== Segment start ==
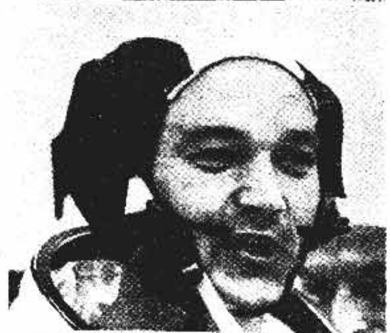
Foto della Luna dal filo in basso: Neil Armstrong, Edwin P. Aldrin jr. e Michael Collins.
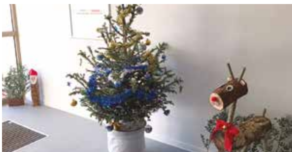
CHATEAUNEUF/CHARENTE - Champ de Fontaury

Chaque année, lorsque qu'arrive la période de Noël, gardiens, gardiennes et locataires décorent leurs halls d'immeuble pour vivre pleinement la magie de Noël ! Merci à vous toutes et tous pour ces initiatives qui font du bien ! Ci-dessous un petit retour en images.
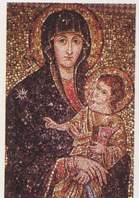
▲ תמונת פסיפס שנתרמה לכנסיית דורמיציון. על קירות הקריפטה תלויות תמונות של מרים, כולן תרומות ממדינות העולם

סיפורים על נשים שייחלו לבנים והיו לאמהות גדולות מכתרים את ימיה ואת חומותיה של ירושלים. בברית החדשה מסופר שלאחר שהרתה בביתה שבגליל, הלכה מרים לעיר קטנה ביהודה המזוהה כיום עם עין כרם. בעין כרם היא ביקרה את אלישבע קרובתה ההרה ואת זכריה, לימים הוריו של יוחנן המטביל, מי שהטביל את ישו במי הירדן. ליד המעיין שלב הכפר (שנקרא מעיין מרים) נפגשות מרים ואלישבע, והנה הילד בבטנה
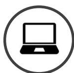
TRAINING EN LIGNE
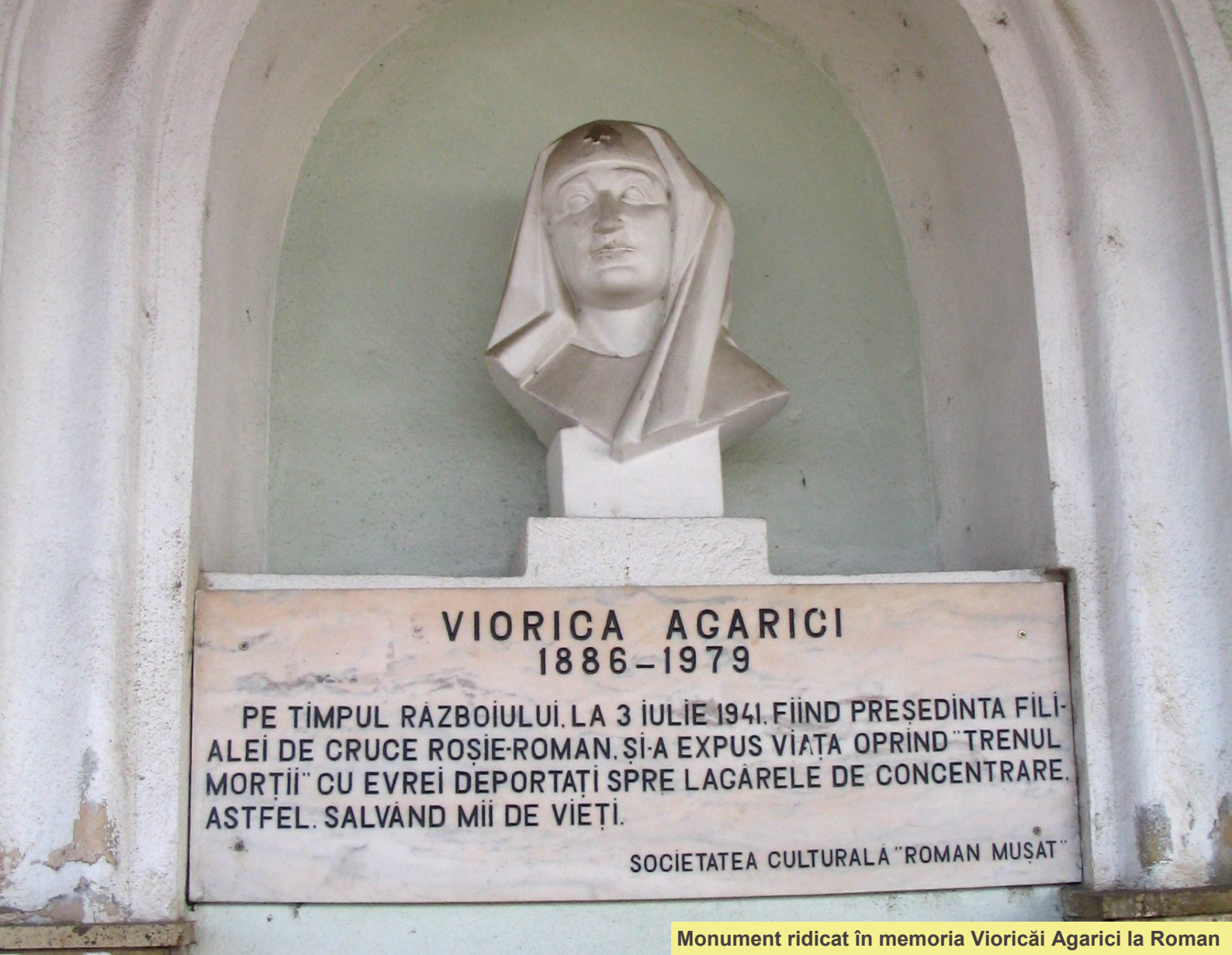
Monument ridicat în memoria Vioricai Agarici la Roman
== Segment end ==
HOW TO COMPLETE THIS TASK
Above are some entries. Restate word for word the lines from the one holding "CHATEAUNEUF/CHARENTE - Champ de Fontaury" through the one holding "TRAINING EN LIGNE", but not the pictures.

RESPONSE TO THIS TASK
CHATEAUNEUF/CHARENTE - Champ de Fontaury

Chaque année, lorsque qu'arrive la période de Noël, gardiens, gardiennes et locataires décorent leurs halls d'immeuble pour vivre pleinement la magie de Noël ! Merci à vous toutes et tous pour ces initiatives qui font du bien ! Ci-dessous un petit retour en images.
▲ תמונת פסיפס שנתרמה לכנסיית דורמיציון. על קירות הקריפטה תלויות תמונות של מרים, כולן תרומות ממדינות העולם

סיפורים על נשים שייחלו לבנים והיו לאמהות גדולות מכתרים את ימיה ואת חומותיה של ירושלים. בברית החדשה מסופר שלאחר שהרתה בביתה שבגליל, הלכה מרים לעיר קטנה ביהודה המזוהה כיום עם עין כרם. בעין כרם היא ביקרה את אלישבע קרובתה ההרה ואת זכריה, לימים הוריו של יוחנן המטביל, מי שהטביל את ישו במי הירדן. ליד המעיין שלב הכפר (שנקרא מעיין מרים) נפגשות מרים ואלישבע, והנה הילד בבטנה
TRAINING EN LIGNE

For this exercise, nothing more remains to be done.